--- Listed entries Enclosed Below ---

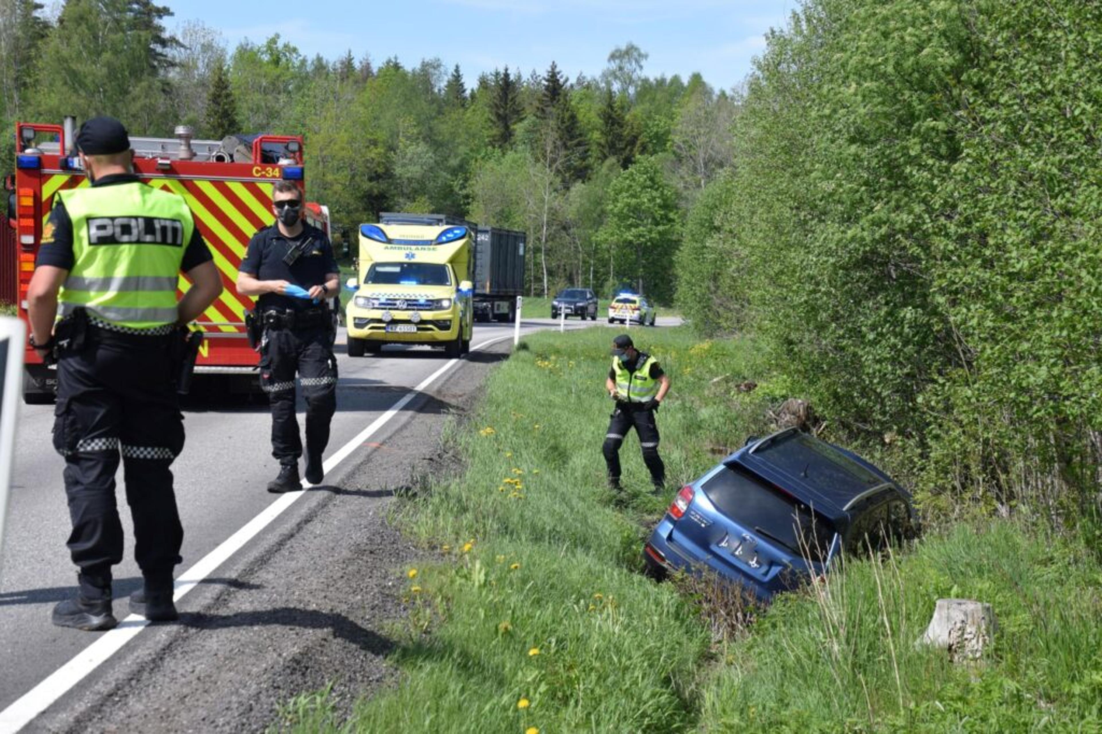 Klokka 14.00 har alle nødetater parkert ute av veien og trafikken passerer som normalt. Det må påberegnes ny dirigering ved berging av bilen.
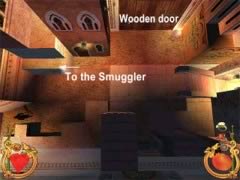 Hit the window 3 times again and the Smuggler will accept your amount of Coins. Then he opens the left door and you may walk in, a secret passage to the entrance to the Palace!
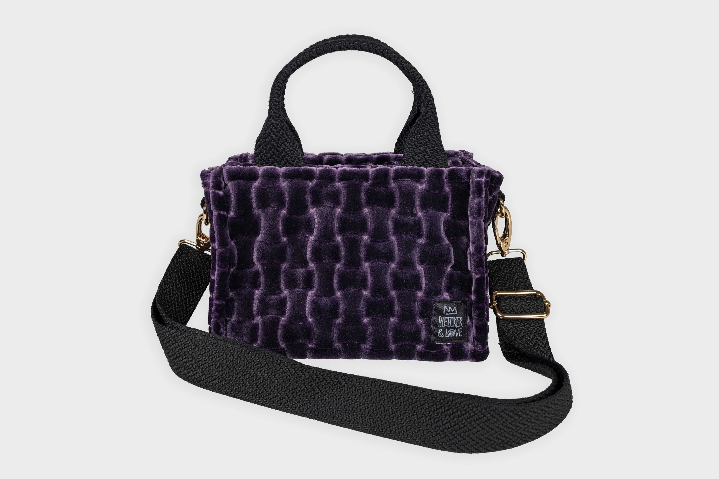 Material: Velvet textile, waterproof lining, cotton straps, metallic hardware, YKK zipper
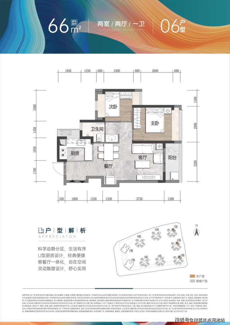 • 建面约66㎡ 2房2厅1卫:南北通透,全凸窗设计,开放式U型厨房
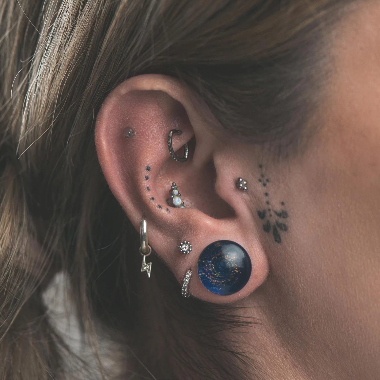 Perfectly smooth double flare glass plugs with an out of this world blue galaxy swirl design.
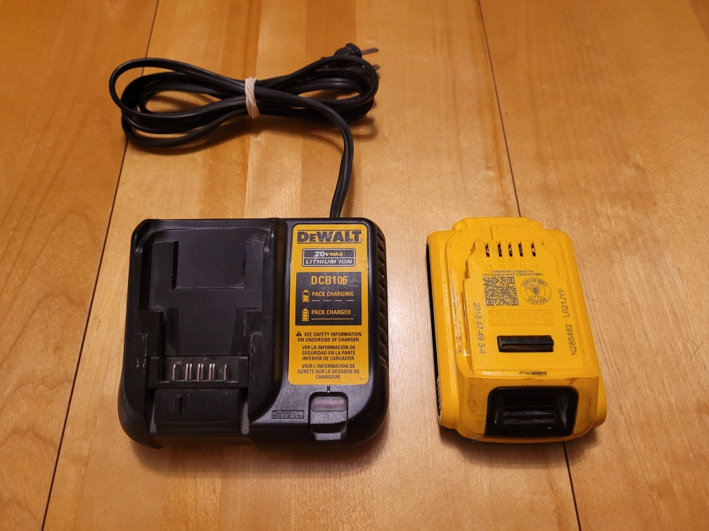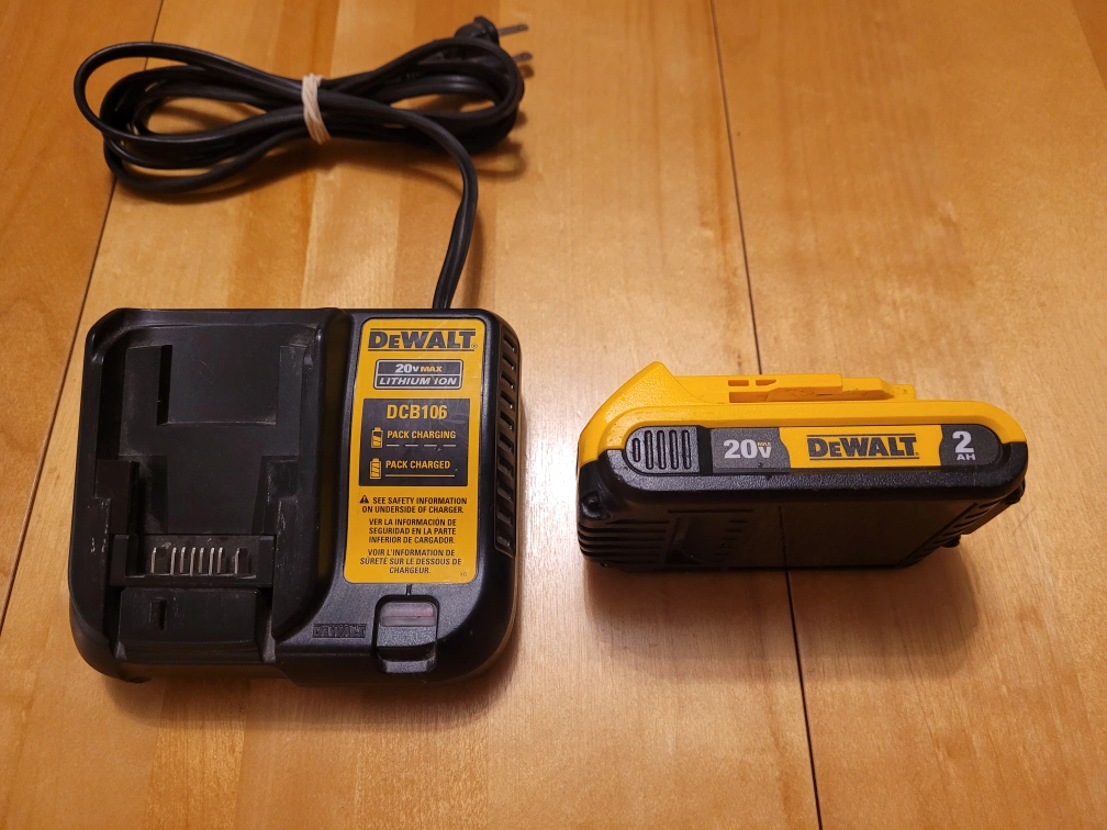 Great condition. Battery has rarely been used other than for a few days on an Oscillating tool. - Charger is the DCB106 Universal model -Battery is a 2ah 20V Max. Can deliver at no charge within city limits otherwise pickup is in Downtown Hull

--- End of Enclosed Listed entries ---

For the records above, give every line again exactly and skip the pictures.

 Klokka 14.00 har alle nødetater parkert ute av veien og trafikken passerer som normalt. Det må påberegnes ny dirigering ved berging av bilen.
 Hit the window 3 times again and the Smuggler will accept your amount of Coins. Then he opens the left door and you may walk in, a secret passage to the entrance to the Palace!
 Material: Velvet textile, waterproof lining, cotton straps, metallic hardware, YKK zipper
 • 建面约66㎡ 2房2厅1卫:南北通透,全凸窗设计,开放式U型厨房
 Perfectly smooth double flare glass plugs with an out of this world blue galaxy swirl design.
 Great condition. Battery has rarely been used other than for a few days on an Oscillating tool. - Charger is the DCB106 Universal model -Battery is a 2ah 20V Max. Can deliver at no charge within city limits otherwise pickup is in Downtown Hull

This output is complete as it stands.